Virus Structure and Life Cycles

1. Viral Structural Components

• Components found in all viruses:

  • Nucleic Acid Genome: Contains the genetic information, either DNA or RNA (never both), which can be single-stranded (ss) or double-stranded (ds), linear or circular. This is the core genetic material essential for viral replication.
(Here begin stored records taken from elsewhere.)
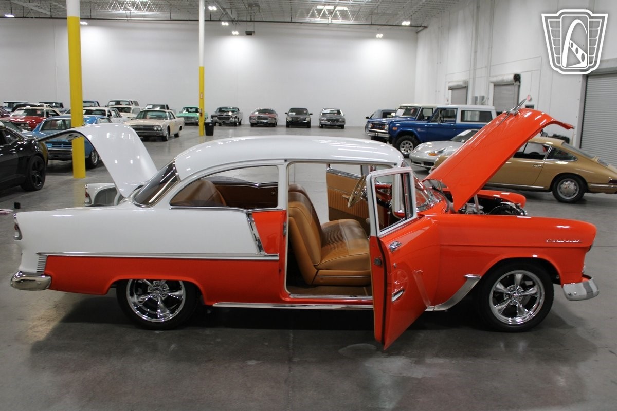 Gateway Classic Cars of Las Vegas is excited to digitally present this classic piece of American automotive history: the 1955 Chevrolet Bel Air. This iconic vehicle stands out with its striking orange and white exterior, a color that captures the spirit and vibrancy of the era. The bold hue is complemented by custom wheels that add a touch of modern flair while maintaining the car's vintage charm.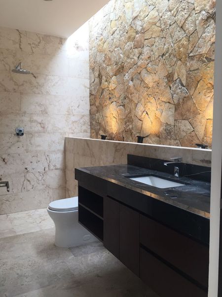 Mesetas de baño en mármol con lavabos bajo cubierta y grifería Helvex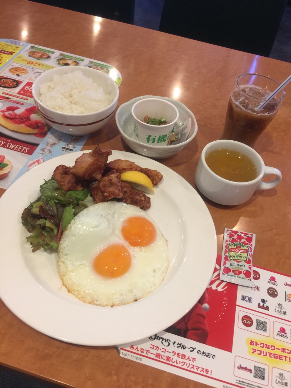食べたのは目玉焼きセットに鶏唐揚げと納豆を追加で。。。

  • Capsid: A protein coat surrounding the nucleic acid. It's composed of protein subunits called capsomeres. The capsid protects the genome and determines the shape of the virus. It's also involved in attachment to host cells for non-enveloped viruses.

• Components found in only some viruses:

  • Envelope: A lipid bilayer derived from the host cell membrane (plasma membrane, nuclear membrane, endoplasmic reticulum, or Golgi apparatus) during the budding process. Enveloped viruses are generally more susceptible to environmental factors like detergents and alcohol because the envelope is easily damaged.

  • Spikes (Peplomers): Glycoprotein projections embedded in the viral envelope (or sometimes extending directly from the capsid in non-enveloped viruses). They are crucial for attachment to specific receptor sites on the host cell and can also play a role in host cell penetration (e.g., fusion).

  • Enzymes: Some viruses carry their own enzymes within the virion, such as reverse transcriptase (retroviruses), RNA-dependent RNA polymerase (negative-sense RNA viruses, dsRNA viruses), or proteases. These enzymes are necessary for specific steps in replication that host cells do not perform.

2. Viral Capsid Shapes

• Helical:

  • Structure: Capsomeres are arranged helically around the nucleic acid, forming a rod-like or filamentous structure. The length of the capsid is determined by the length of the nucleic acid.

  • Example: Tobacco mosaic virus, Ebola virus, Rabies virus.

• Icosahedral (Polyhedral):

  • Structure: A polyhedron with 20 equilateral triangular faces. This is a very efficient way to enclose a volume, requiring fewer capsomeres. Appears roughly spherical.

  • Example: Adenovirus, Poliovirus, Herpesvirus.

• Complex:

  • Structure: These viruses have capsids that are neither purely helical nor purely icosahedral, or they possess additional structures. Often have intricate, multi-component architectures.

  • Example: Bacteriophages (many have an icosahedral head and a helical tail with tail fibers for attachment), Poxviruses (large, brick-shaped structures with complicated internal morphology).

3. Host Range and Its Determinants

• Host Range: The spectrum of host cells that a virus can infect. It can be very narrow (e.g., a virus infecting only specific human T-cells) or broad (e.g., a virus infecting multiple species).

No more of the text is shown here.